One passenger recognized the Uber CEO and asked for advice on his startup. Mr. Khosrowshahi said most riders haven’t recognized him, though, and have collectively given him a five-star rating. He said he gets nervous the nights before he drives, out of concern that his rating might dip the next day.
He said he tries to keep riders happy by offering iPhone and Android charging cables and by playing music from the dozens of Spotify playlists that he has curated for his wife, Sydney. His latest driving playlist, named Syd 28, includes songs from Taylor Swift, Australian DJ Flume and rock band The National. Mr. Khosrowshahi is nearing 100 rides and deliveries on Uber.
New safety features
In October, Uber trained its maps to avoid left turns at accident-prone intersections and started testing in-app video recordings of the car’s interior, a safety feature drivers had asked for amid rising crime against gig workers.
Some consumer privacy groups worried about misuse of the feature. Mr. Kansal’s team encrypted the footage, which meant that drivers couldn’t view or store it.
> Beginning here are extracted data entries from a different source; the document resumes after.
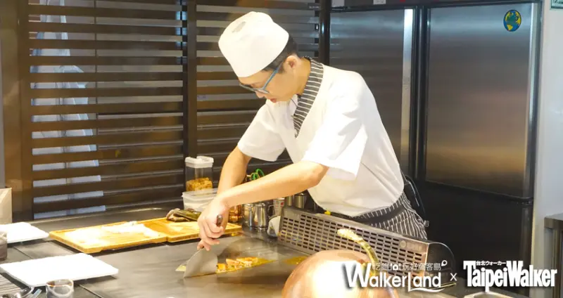 「大江戶町活海鮮鐵板燒」以大量木頭元素裝潢,營造出江戶時代氛圍,在走進餐廳宛如置身日本的錯覺。在座位區上的規劃,大致分為兩部分:鐵板台前餐區、座席區,編輯建議,如果想欣賞師傅們精湛的鐵板廚藝,絕對要坐在鐵板台前,因為才能第一時間品嚐到熱騰騰的鐵板料理。
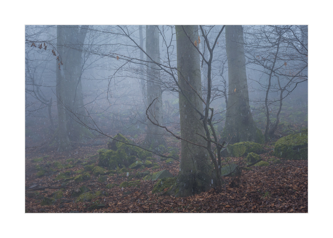 Nur wenige Kilometer nordöstlich, in der Wahner Heide (also auch im Flachland) war’s aber einfach nur krass! Zu viel für viele Bäume. Hatte ich vorher auch noch nicht erlebt. Dauerndes Knacken, Krachen und Knallen. Das war dann auch der Grund dafür, dass ich mein eigentliches Vorhaben, nämlich Hirsche im Schneefall fotografieren, doch einfach mal gelassen habe. Nicht, dass es funktioniert hätte (wobei, wer weiß?), aber der durchgehend durch den Wald gehende Weg kam mir dann doch einen Hauch zu selbstmörderisch vor…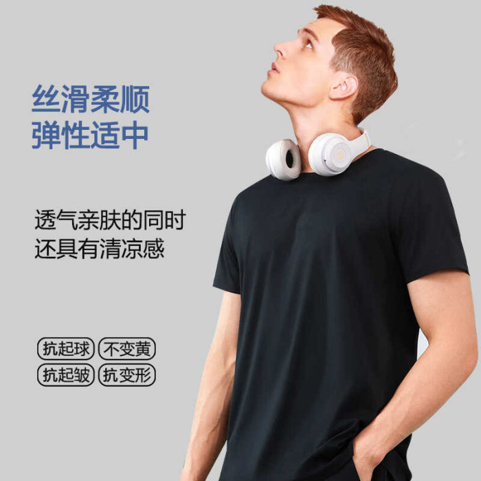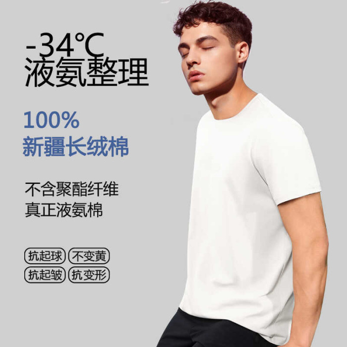 HBZ100支液氨男T恤百分百棉白色短袖T恤男圓領絲光全棉男士打底衫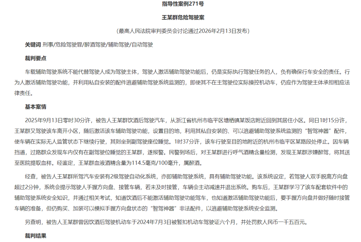 案例截圖 此次發布的典型案例包括“王某群危險駕駛案”。事發於去年9月13日凌晨,王某群在血液酒精含量達每100毫升114.5毫克(屬醉駕)的情況下,駕駛車輛離開小區後激活輔助駕駛功能,使用私自安裝的“智駕神器”逃避系統監測,隨後坐到副駕駛位睡覺。車輛自行行駛至杭州臨平區某路段停駛,因擋道被群眾發現報警。法院最終以危險駕駛罪判處其拘役一個月十五日,並處罰金4000元人民幣,判決已生效。 最高法強調,當前輔助駕駛技術雖日益普及,但部分駕駛人誤以為可“脫手脫眼”,甚至通過非法配件規避系統監管,嚴重威脅公共安全。裁判要點明確指出:只要行為人啟動車輛並激活輔助駕駛功能,即視為實際執行駕駛任務,必須全程保持對車輛的控制與警覺;即便未手握方向盤或身處副駕,仍構成法律意義上的“駕駛人”,需承擔相應刑責。 除輔助駕駛責任認定外,本批指導案例還細化了毒駕肇事定罪量刑規則、醉駕共犯成立範圍等爭議問題,統一全國裁判標準。數據顯示,2025年全國涉道路交通安全刑事案件數量整體下降,交通肇事案4.3萬餘件(同比下降超3%),危險駕駛案23萬餘件(同比下降近16%),但新技術帶來的法律適用難題日益凸顯。(完) 【編輯:彭玉婷】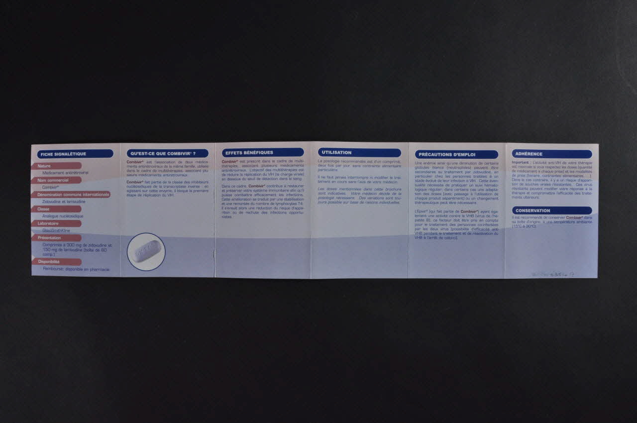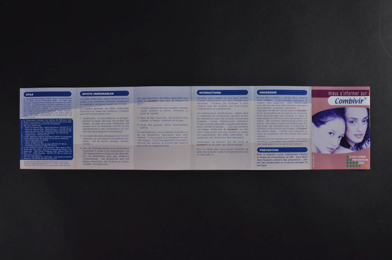 Mieux s'informer sur Combivir (Titre du dépliant imprimé sur la couverture.)Fiche signalétique // Qu'est-ce que Combivir ? // Effets bénéfiques // Utilisation // Précautions d'emploi // Adhérence // Conservation // Effets indésirables // Interactions médicamenteuses // Grossesse // Prévention // Utile (Titres des rubriques présentes dans le dépliant.)PLATE-FORME / PREVENTION / SIDA (Nom de l'association imprimé en bas à droite de la couverture.)Décor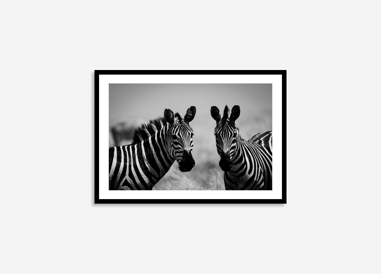 Bring the captivating beauty of the African savannah into your home with this stunning black and white zebra print. Â This striking photograph captures two majestic zebras, their unique stripes dramatically contrasting against the landscape of their native home in Kenya.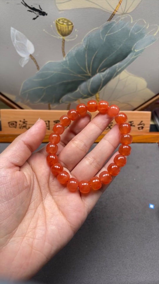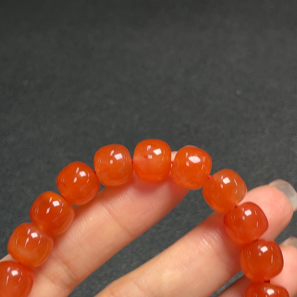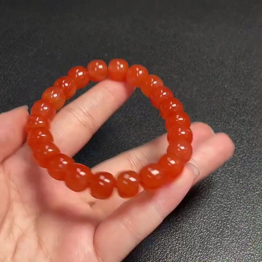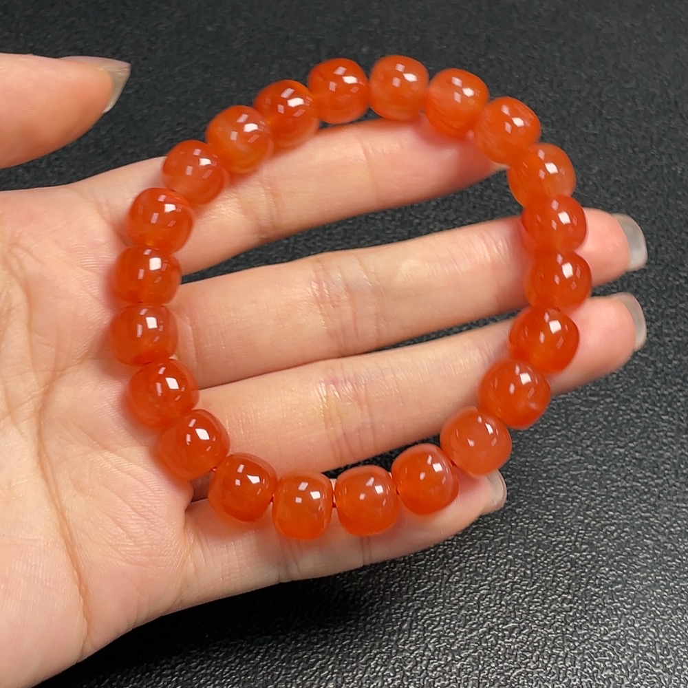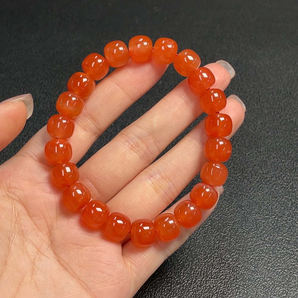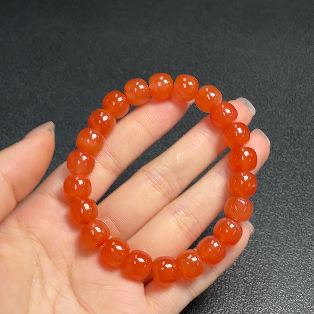 Red Agate Bracelet with Visible Organic Matter, Total Weight Approx. 32.1g, Size About 9.8mm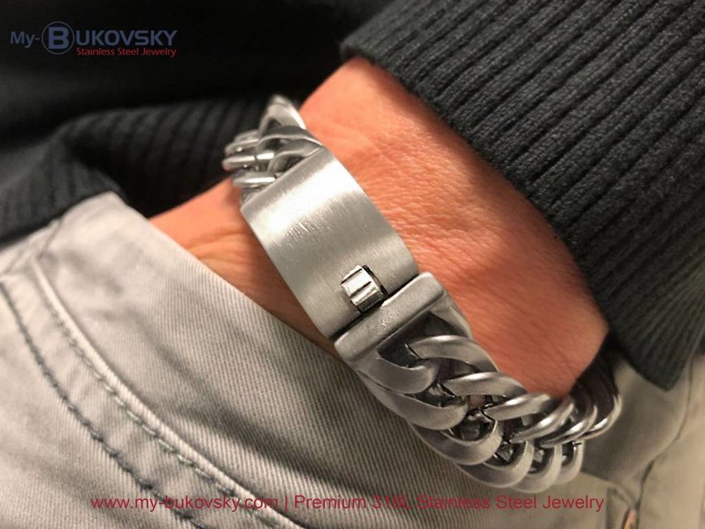 De stalen Bukovsky heren armband "PRESTIGE SMALL" geborsteld.

Uber would review the video if a safety incident was reported.
Downloads of Uber’s driver app in the U.S. more than doubled in 2022 compared with 2019, according to analytics firm Data.ai. Lyft’s U.S. driver downloads grew 67% over the same period.
Uber and Lyft don’t disclose the number of U.S. drivers they have. Globally, including the U.S., Uber’s ride-share drivers bounced back to pre-Covid levels in September, and it ended 2022 with a record number.
From its maps to driver safety tools, “Uber was one step ahead of Lyft,” said Sergio Avedian, a driver who writes about the business on The Rideshare Guy blog for gig workers.
Drivers said they still want higher pay and are concerned Uber will change its policies when it isn’t hard-pressed for labor. The company is already pulling back on some bonuses, Mr. Avedian said. A recession could leave Uber with a surplus of drivers as consumers look to save money, he said.
Uber has said more drivers are turning to the app as they look to make extra money because of growing economic uncertainty, but that rider demand is holding up so far despite challenging macroeconomic conditions. It said it has wound down some bonuses but that its attention to drivers’ needs will continue.
It is working on new safety features to boost the number of female ride-share drivers and designing more efficient ways for drivers to receive ride and delivery requests at the same time. The company started giving drivers weekly summaries on how fares are divided, showing them how much the company kept and what went to tax and other charges, and said it plans to do more.
“Historically, we’ve always put a premium on the rider experience,” Mr. Khosrowshahi said. Being a non-founder CEO allowed him to challenge old decisions, he said. Uber needs to win the “hearts and minds” of drivers, too, he said.